Facebook has removed these photos from members' albums and profiles, saying that displays of areola — the dark skin around the nipple — violate the company's policy regarding "obscene, pornographic or sexually explicit" material. Facebook also threatened to terminate the members' accounts. The social-networking site MySpace also has deleted photos of babies nursing from exposed breasts.

"What about a baby breast-feeding is obscene? Especially in comparison to MANY other pictures posted all over Facebook that really are obscene?'' the event organizers asked on their Web site, called "Hey Facebook, breast-feeding is not obscene!''

One of the images deleted was a portrait of San Jose's Patricia Madden and daughters Zoe and Isobel, photographed while feeding in the bathtub. The birth doula, who encourages new mothers to breast-feed, was photographed by her husband.

"It's amazing to me that we're living in a world where people are upset by this,'' she said. "You can't see my nipples. It's completely legal to breast-feed in public. Breast-feeding is completely natural and healthy. They took off the photo, without my permission.''

Facebook says its policies are designed to ensure its Web site remains a safe, secure and trusted environment for all users, including the many teenagers who use the site.

To decide what's appropriate, the company had to decide "how much of someone's butt must be showing or, in this case, how much of the breast. We've made a visible areola the determining factor. It is a common standard," said spokesman Barry Schnitt.

Facebook takes no action on the vast majority of breast-feeding photos, Schnitt said. "We agree that breast-feeding is natural and beautiful and we're very glad to know that it is so important to some mothers to share this experience with others on Facebook.''

The issue has inspired a national conversation over privacy, free speech and the right of a business to control content.

So while it is legal to publicly breast-feed in 40 states, the same behavior can get you ejected from Facebook and MySpace (and, for the record, the pages of the Mercury News). Their terms of service give the companies the discretion to "prescreen, refuse or remove any content." While they aren't required to police content, they aren't prohibited from doing so.
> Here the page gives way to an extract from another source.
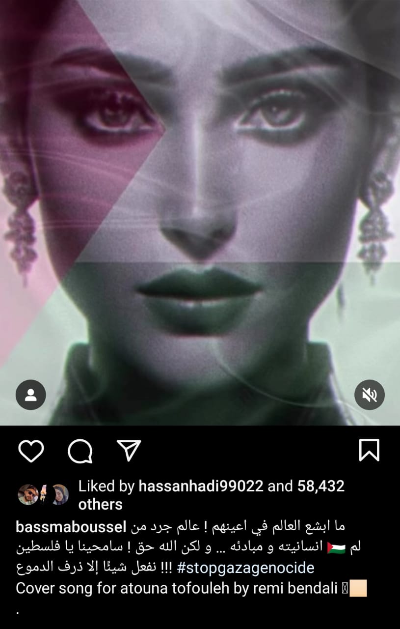 بسمة بوسيل .. نشرت بسمة بوسيل مقطع فيديو لأغنية " أعطونا الطفولة " على صفحتها الرسمية عبر موقع تبادل الصور والفيديوهات " إنستجرام " وعلقت قائلة " ما أبشع العالم في أعينهم، عالم جرد من إنسانيته و مبادئه .. ولكن الله حق، سامحينا يا فلسطين لم نفعل شيئا إلا ذرف الدموع " .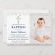 Elegant Silver Glitter Cross Boy Baptism Photo Invitation

Other Internet sites have different policies. The site LiveJournal exempts non-sexualized art and breast-feeding. YouTube features a video of a 7-year-old being breast-fed, then interviewed about the experience.

Companies in charge of seemingly "public" spaces write their own rules for users, said social-network analysts.

"I generally feel that when something offends a person, they should just stop looking or reading. But in the end, the companies who literally own the space have to set the standards — as baffling as they may be to me,'' said network expert Shel Israel.

Marjorie Heins, founder of the New York-based Free Expression Policy Project, agreed that Facebook had the legal right to pull the photos, but added:

"As a matter of public policy, of course, this is ridiculous. Facebook is a bulletin board and should allow folks a fair amount of freedom in what they want to post. Nursing mothers are a far cry from hard-core porn, and even Facebook should be able to tell the difference.''

Despite their category as "social" networks, these are private businesses, said Charlene Li, co-author of the book "Groundswell: Winning in a World Transformed by Social Technologies.''

"What people forget, when they say 'I do have a right, it's my page,' is that the page is provided to you as a service," said Li, herself a breast-feeding mom.